When the congregation gathers, it’s a corporate event. The most spiritual thing to do during singing in a church service isn’t necessarily closing your eyes and raising your hands (I have nothing against that, however!). It could be opening your eyes, singing loudly, and looking around while you do so to listen to others sing with you.
I don’t mean to minimize acknowledging the Spirit’s presence in us and with us as a congregation. It is wonderful to glorify the Lord with our voices and hearts in singing, and Lord willing we do that. We shouldn’t worship the congregation. But we should worship as a congregation, not just as individuals.
“. . . through rich, Christ-centered songs.”
We want to sing songs that are going to last long enough so our grandchildren could sing them. We want them to have depth and meaning so that they don’t leave you wondering what they’re really saying. A good worship song is more like a quality steak than cotton candy. Each bite leaves you appreciating a different nuance in the taste, and when you’re done, you’re satisfied.

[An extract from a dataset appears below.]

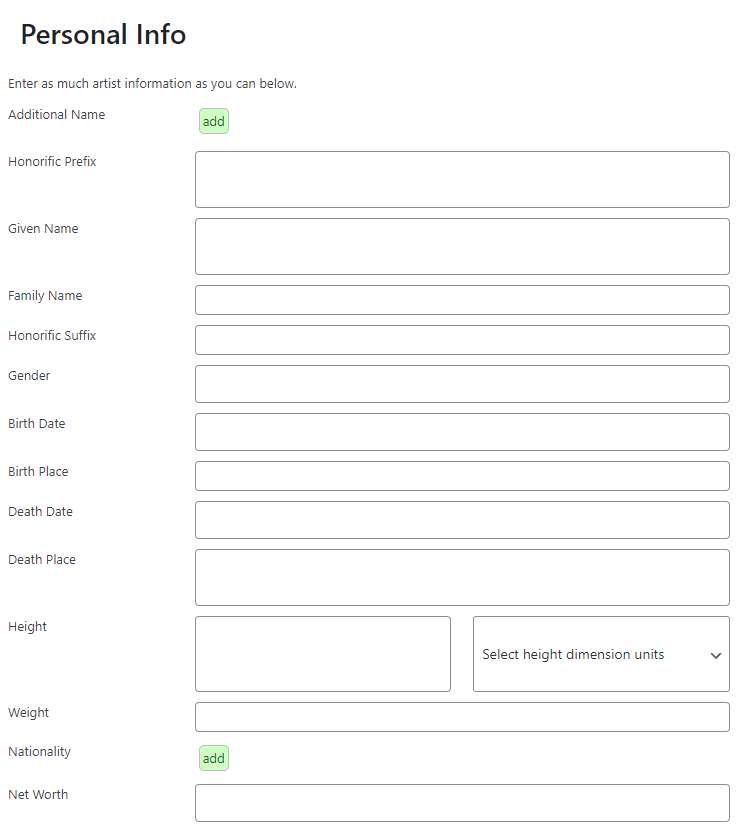 - Artists definitions in Art Gallery Plugin adhere to the official schema for People : https://schema.org/Person

If Scripture is about Christ, then our singing should be about Christ. If a Mormon could sing our songs without any problem, then we should be second guessing what we’re singing. I don’t mean to say there isn’t truth in songs that don’t mention Christ. Instead, I say this because of a continued nominalistic “Christianity” in our culture that embraces many spiritual things but never really spells out who Christ is and what His followers are called to. We don’t have time for nominalism. As the Sovereign Grace Music line goes, “Show us Christ.”